** Records shown follows **
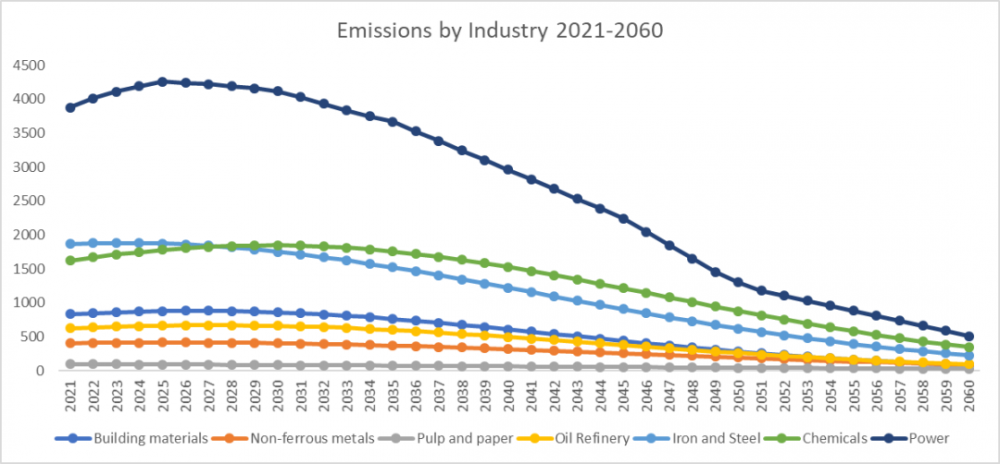 图1. 2021-2060 年按行业划分的碳排放量(百万吨)
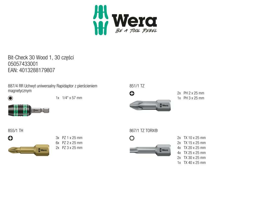 Bity zestaw Bit-Check 30 Wood 1 WERA 05057433001
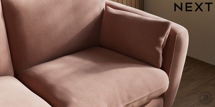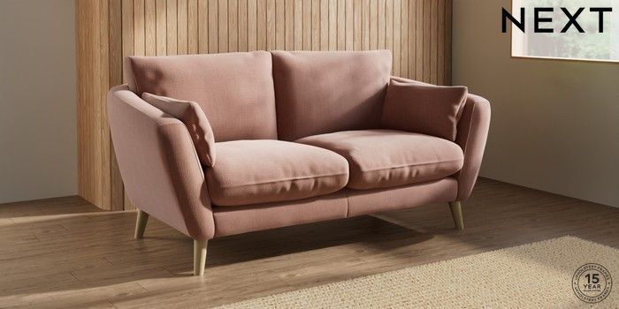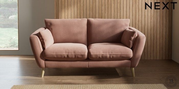6.12.1 Buy Orlo Relaxed Sit 3 Seater Small Sofa Relaxed Linen Look Light Rust Brown Retro Tapered - Light from the Next UK online shop Click here to use our accessible website
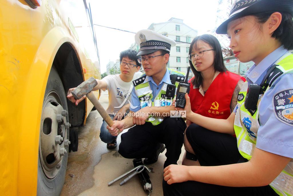 交警和党员干部正在当地蓝天学校对校车进行安全隐患检查。
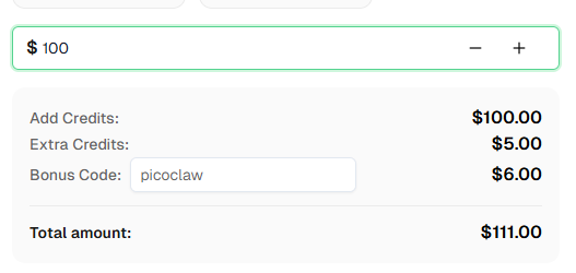 CapSolver offers competitive pricing based on CAPTCHA type and volume. Visit capsolver.com for current pricing. Use bonus code PICOCLAW for an extra 6% on your first recharge.
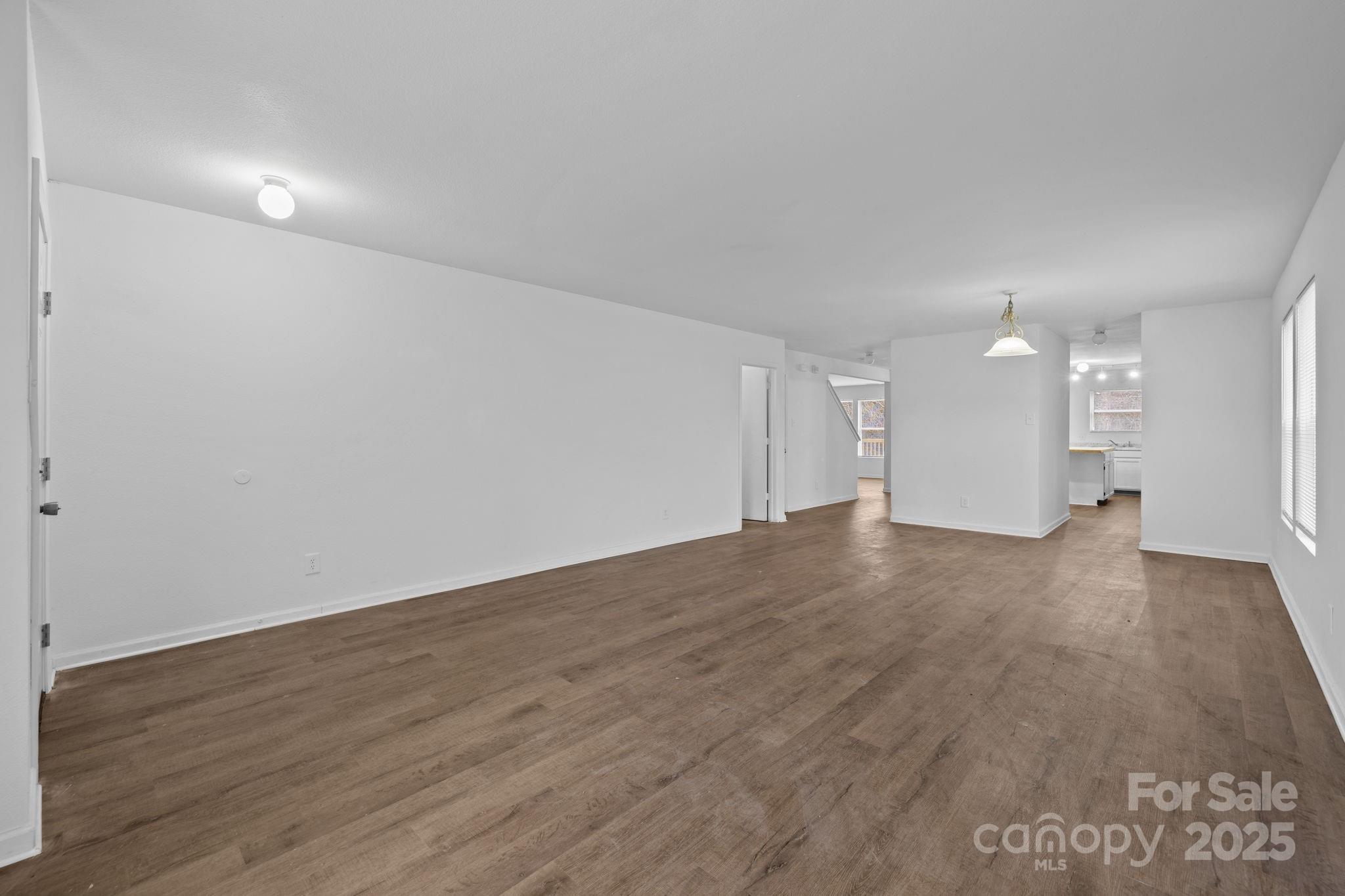 The main level features vinyl flooring throughout and includes a living room, dining room, and a spacious family room with a gas log fireplace. The kitchen offers ample cabinet space and a pantry, with convenient access to the main living areas, making it ideal for everyday living and casual entertaining.
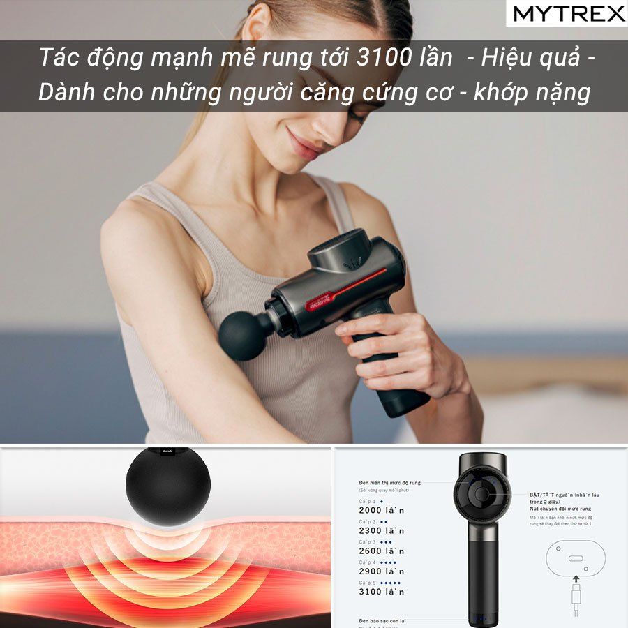 - MYTREX REBIVE tái tạo liệu pháp gõ (phương pháp đập) áp dụng rung động theo chiều dọc tốc độ cao. Rung tốc độ cao này có thể nới lỏng chính xác các điểm kích hoạt là nguồn gốc của cứng và đ a u. Cơ bắp và màng cân cơ trở nên linh hoạt. Nó thúc đẩy lưu thông máu và cải thiện độ cứng. Nó cũng làm giảm đ a u.
** End of Records shown **
What to do: Write the data above out exactly. Leave out any pictures.

Answer space:
 图1. 2021-2060 年按行业划分的碳排放量(百万吨)
 Bity zestaw Bit-Check 30 Wood 1 WERA 05057433001
6.12.1 Buy Orlo Relaxed Sit 3 Seater Small Sofa Relaxed Linen Look Light Rust Brown Retro Tapered - Light from the Next UK online shop Click here to use our accessible website
 交警和党员干部正在当地蓝天学校对校车进行安全隐患检查。
 CapSolver offers competitive pricing based on CAPTCHA type and volume. Visit capsolver.com for current pricing. Use bonus code PICOCLAW for an extra 6% on your first recharge.
 The main level features vinyl flooring throughout and includes a living room, dining room, and a spacious family room with a gas log fireplace. The kitchen offers ample cabinet space and a pantry, with convenient access to the main living areas, making it ideal for everyday living and casual entertaining.
 - MYTREX REBIVE tái tạo liệu pháp gõ (phương pháp đập) áp dụng rung động theo chiều dọc tốc độ cao. Rung tốc độ cao này có thể nới lỏng chính xác các điểm kích hoạt là nguồn gốc của cứng và đ a u. Cơ bắp và màng cân cơ trở nên linh hoạt. Nó thúc đẩy lưu thông máu và cải thiện độ cứng. Nó cũng làm giảm đ a u.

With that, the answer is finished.